Kenney’s government, when it took power, cancelled tax incentives designed to grow high-tech. He said those programs were ineffective as they reached a small percentage of the tech market.
On Thursday, Kenney said part of Monday’s plan will include the outline of a new program to incentivize job-creating investment in the information technology, digital and innovation sector.
“We will be outlining a number of sectoral strategies in areas of our economy that we need to grow in order to diversify while also articulating policies that ensure a strong future for the oil and gas sector.”

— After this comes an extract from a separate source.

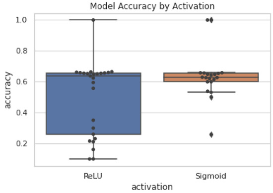As can be seen in Figure 10, using the same network sphira (Figure 3) with different approximated activation sigmoid functions (Equation (2)) and ReLU (Equation (4)) dramatically affects the precision of the neural network over multiple training attempts with randomised weights. However, the accuracy of both on average is roughly equal within a few percent. This shows that in our implementation, backpropagating the ReLU approximation may indeed cause some instability more frequently. Sigmoid, in contrast, is a static approximation which may be part of the reason for its greater stability, and thus consistency, in providing randomised weights to the rest of the network. We can see that both the sphira (Figure 3) and constellation (Figure 9) networks can produce acceptable results on the testing set while computing over cyphertexts and plaintexts. Our networks can be seen working in both classification and regression problems, Fashion-MNIST, and strawberry yield prediction, respectively.
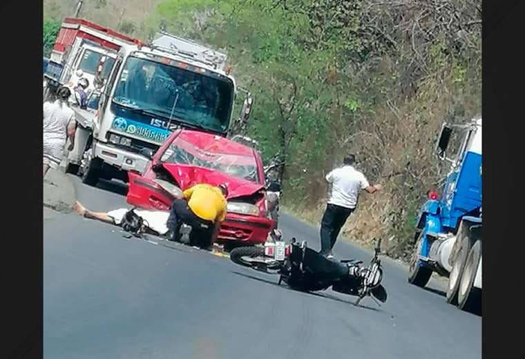 Según testigos, el motociclista chocó de frente contra el vehículo liviano y salió expulsado por varios metros.

Kenney won last year’s election on a promise to galvanize Alberta’s economy, struggling even then with low oil and gas prices. He promised a pan-economic, less-is-more approach, championing broad incentives and then letting the free market take its course.
To that end, his government cut the corporate income tax rate, reduced the minimum wage for those under 18, and scrapped the provincial consumer carbon tax, though that levy was later replaced with a federal version.
Albertans have the lowest overall tax burden among Canadian provinces, and Albertans do not pay a provincial sales tax.
Since then, as the oil and gas economy has continued to struggle, Kenney has assumed a more direct interventionist approach.
In March, his government agreed to provide $1.5-billion to Calgary-based TC Energy Corporation, enabling the completion of the KXL pipeline to ultimately take Alberta crude across the United States to refiners and shippers on the Gulf Coast.
The $1.5 billion in equity investment will be followed by a $6-billion loan guarantee next year.
Kenney has said Alberta will be able to sell its shares for a profit after the pipeline is built and it will generate a net return of more than $30 billion through royalties and higher prices for its oil over the next two decades.